She glared at me with those stormy eyes, shifting and swirling like grey clouds into angry formations. “Prove it.”
“I won’t have you goad me into ruining your reputation,” I barked, finally losing my cool.
There was too much.
Marco, Bambi, the di Carlos.
Rocco, Mirabella Ianni, the entire fucking Camorra.
I lost it.
“Fuck my sterling reputation,” she snapped, the flames of my rage catching on her edges and igniting her entire body. “I worked so hard for that and it got me nowhere. Unhappy and alone. I don’t care what anyone thinks any more. No one but you and the family we love.”
“What about the law? You want law enforcement agencies around the world to know you’re an associate of one of the most notorious mafiosos in America?” I demanded, plucking a lemon from the tree and fisting it tight in my palm.

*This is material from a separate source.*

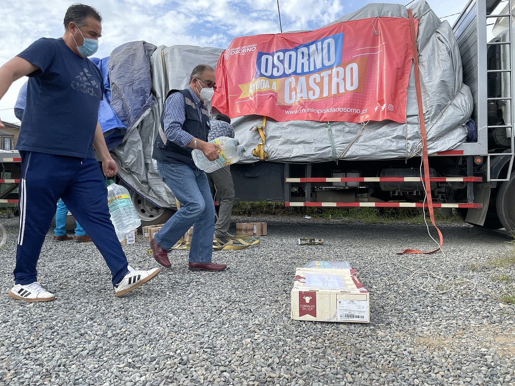 Hasta la Isla de Chiloé llegó una delegación del municipio de Osorno para entregar los cuatro mil 500 kilos de ayuda, consistente en alimento no perecible para humanos y mascotas, útiles de aseo personal, agua envasada, pañales y ropa de cama nueva; que donó Osorno en el marco de la campaña solidaria en beneficio de las familias de la población Camilo Henríquez de Castro.

The fruit exploded, pulp running down my fingers. “There goes your legal career.”
“Mafiosos have lawyers,” she retorted mulishly, crossing her arms and bracing her feet like a soldier about to do battle.
My fighter.
Lottatrice mia.
Even angry, I had to admire her. “If you’re at my side, Elena, those bullets people sling at me could end up in you. You want to risk your life to be with me, huh?”
“I’m willing to take a life-altering risk for a life-altering reward,” she told me steadily, her flames cooling to ice-cold surety. “I don’t know what love means to you, but to me, it means loving someone no matter what baggage they come with for as long as they’ll let you love them and as hard as you possibly can. The only risk I fear is one where I lose you. You fell in love with a fighter, Dante. Let me fight with you.”
We stared at each other under the dappled gold light filtering through the lemon tree branches, the breeze whistling through the leaves, the long grass swaying around our ankles. I could hear both our breaths, harsh and fast with passion.
I wanted to throttle that beautiful long neck for thinking she could get out of loving me alive. I wanted to beg God or whoever might be in charge of fate not to take her from me the way They’d taken my mother. I had seen too clearly what happened to her after being caught up in Noel’s dark world.
I couldn’t fucking bear if that happened to Elena.
She read my face, eyes tracking every minute expression until finally she softened, the starch leaking from her mouth on a sigh. She came to me, wrapping her arms around my torso, pressing her cheek to my chest, on top of the cross necklace beneath my shirt, on top of my erratically thudding heart.
“I’m not your mother,” she murmured. “I was born in this world. I might not have liked it as a girl, but now I know it was for a reason. It was so when I grew up and met you I’d be ready to face the reality of life loving a mafia Don. I know what to expect, Dante. The assassination-attempts in the middle of the night, car chases across Staten Island, kidnappings. I know and I’m ready. Because between all of the chaos, there’s you. And to me, there’s nothing better in this world than you.”
I stared down at her as she held me tight, her face tipped up so her mercurial gray eyes could meet mine. There was so much honesty in her expression, her heart flayed open and exposed for me.
How many more times would I make her prostrate herself until she proved to me she wanted this?
Wanted me.
Not just the Duke’s second son with the money and prestige.
Not just the mafia Don with the edgy dangerous sex appeal.
Me.
Edward Dante Davenport Salvatore.
Realizing that felt like a baptism, a spiritual rebirth. I hadn’t even known I felt unworthy and afraid of love until I fell for my fearless gladiator. It was only when she seemed impervious to my flaws, uncaring of my dangers, that I realized I’d been expecting her to run away scared at the very least or hating me at the very worst.
She did none of those things.
Shooting her father, carrying the body of a man I’d knocked out cold into a basement then watching me interrogate him with a blowtorch and spoon, Elena hadn’t run scared once.
She’d barely even fucking blinked.
It occurred to me that if she was right about being born for me and the life I could give her then maybe I’d been born for him. Only my history could have prepared me to understand how it felt to be unloved by your family, to be ostracized by them and then to do it to yourself because you wondered how you could possibly be good enough if even your family didn’t believe in you?
Maybe every bad thing that had happened to us, maybe every single time we’d been made to feel like the villains of our own life story, we had been moving farther along the path to this.